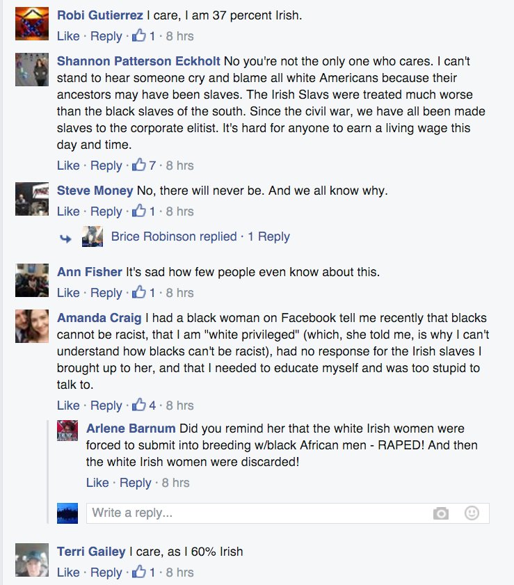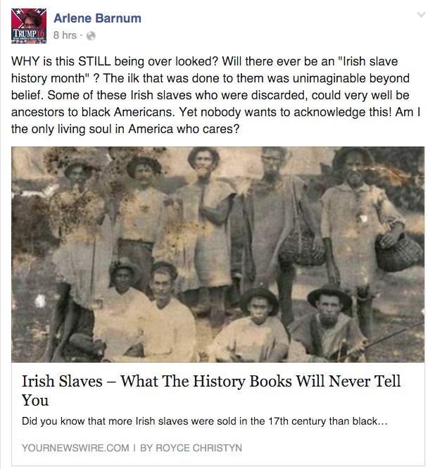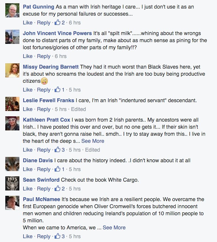 A fresh sample of the "Irish slaves" discourse on Facebook.pic.twitter.com/4eJHR6Xai1
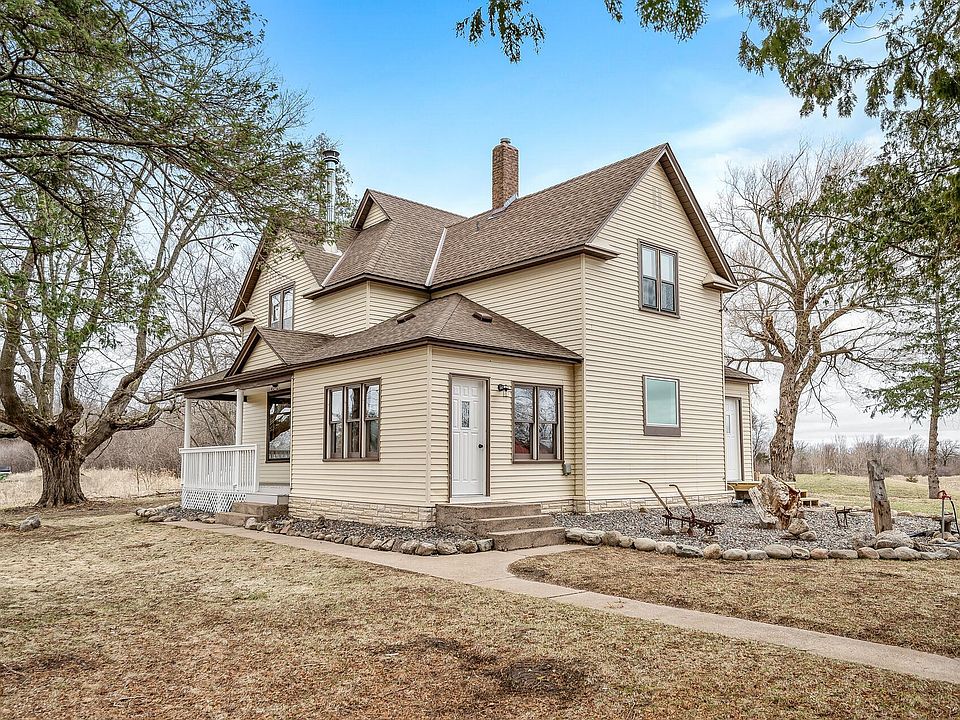 Turn of the century farmhouse on 5.5 acres ready for memories to be made! Drive up the country road and down the long private drive to mature trees and breathtaking views. Enter in through the mudroom to the updated kitchen with custom built cabinetry and center island, perfect for family gatherings and entertaining. Gleaming refinished hardwood flooring, leaded glass windows and an ornate built-in hutch adorn the living and dining rooms. Main level also includes 2 bedrooms and a full, updated bathroom with ample storage. Up the grand staircase, you will find 3 bedrooms, a full, updated bathroom and anoffice/den area, all with fresh paint and carpet. New boiler and baseboard heat.Two 40'x60' pole buildings. Building #1 has electric, full concrete floors, 2 floor drains, overhead doors and 12' sliding doors. Building #2 has electric, half concrete floors, and front/back 12' sliding doors - perfect for animals! Livestock allowed - fulfill your dream of owning a hobby farm today! 2022-05-18
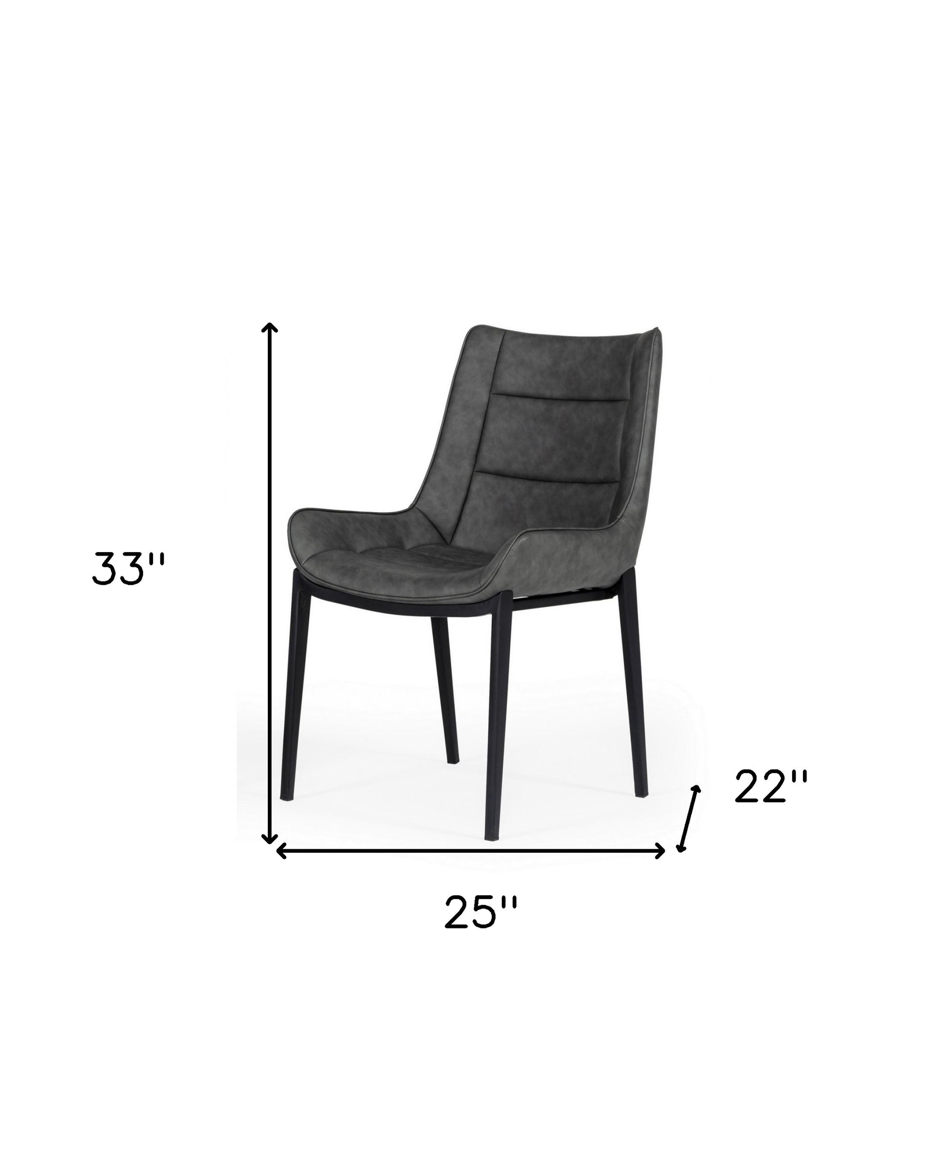 Add a stylish touch to your kitchen or dining room with the Gray Faux Leather Dining Chair Set of 2. This extraordinary chair with a metal base and legs is masterfully upholstered with premium-quality faux leather in a wide horizontal channel stitching pattern. With its soft curves, elegant silhouette, and ergonomic design it is both appealing and extremely comfortable. A perfect choice for contemporary and industrially-styled homes! 33" H x 25" W x 22" D
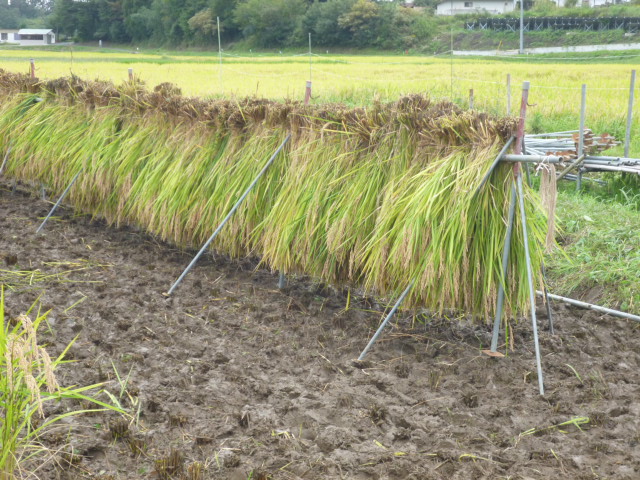 はざがけを設置して結束した稲を2段にかけた(写真@A)だワン
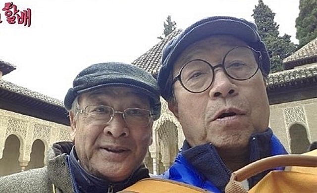 2014년 tvN 예능 ‘꽃보다 할배’에서 스페인 그라나다 알함브라 궁전을 함께 방문한 배우 이순재와 신구가 함께 사진을 촬영하고 있다. 2014.3.27 꽃보다할배 페이스북
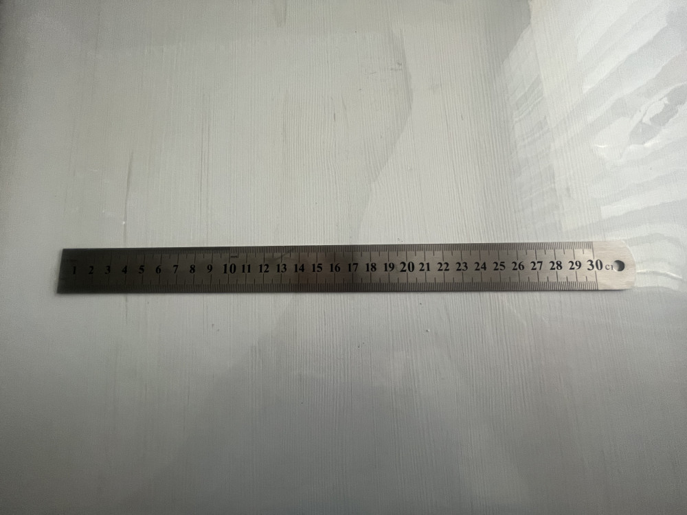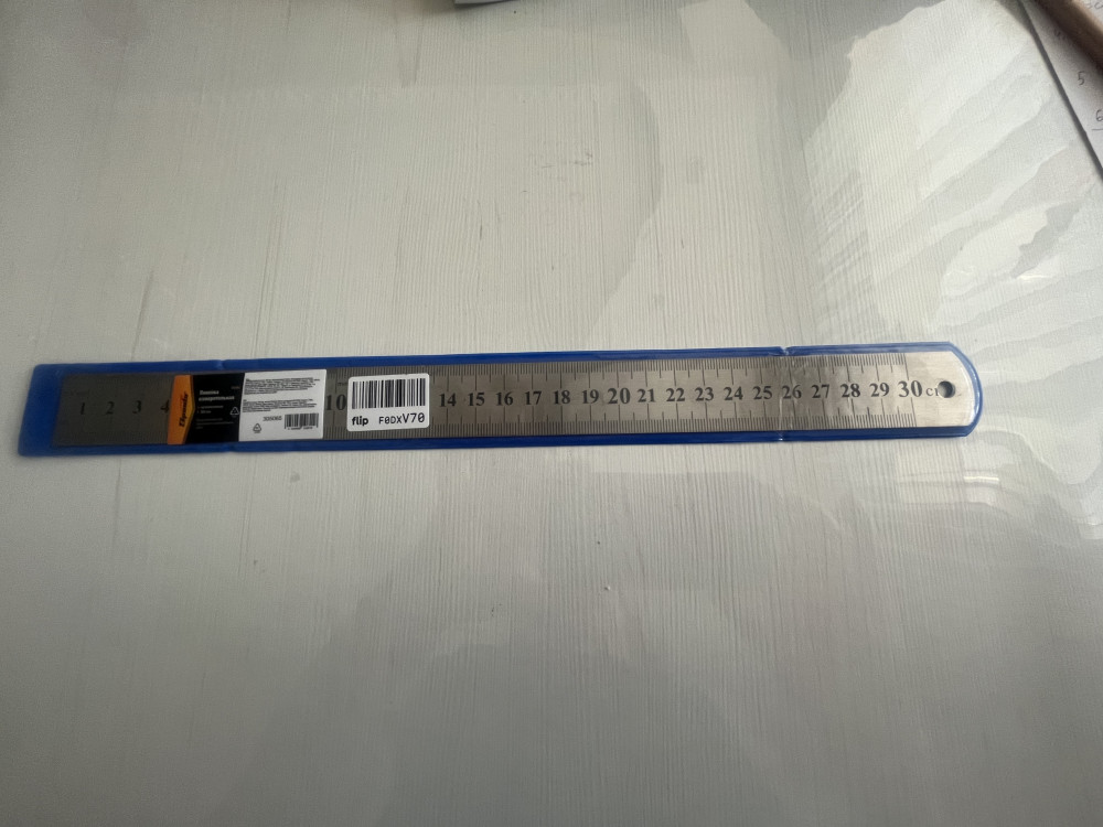 Линейка отличная. Не гнётся, чёткая цифровая разметка (без погрешности), ширина 2,7 см. Не так сильно бликует при свете, как другие металлические линейки.

*Task item*
What is the exact wording of the lines from the one bearing "はざがけを設置して結束した稲を2段にかけた(写真@A)だワン" through the final line of the records above? Write it out without the pictures.

*Your solution*
 はざがけを設置して結束した稲を2段にかけた(写真@A)だワン
 2014년 tvN 예능 ‘꽃보다 할배’에서 스페인 그라나다 알함브라 궁전을 함께 방문한 배우 이순재와 신구가 함께 사진을 촬영하고 있다. 2014.3.27 꽃보다할배 페이스북
 Линейка отличная. Не гнётся, чёткая цифровая разметка (без погрешности), ширина 2,7 см. Не так сильно бликует при свете, как другие металлические линейки.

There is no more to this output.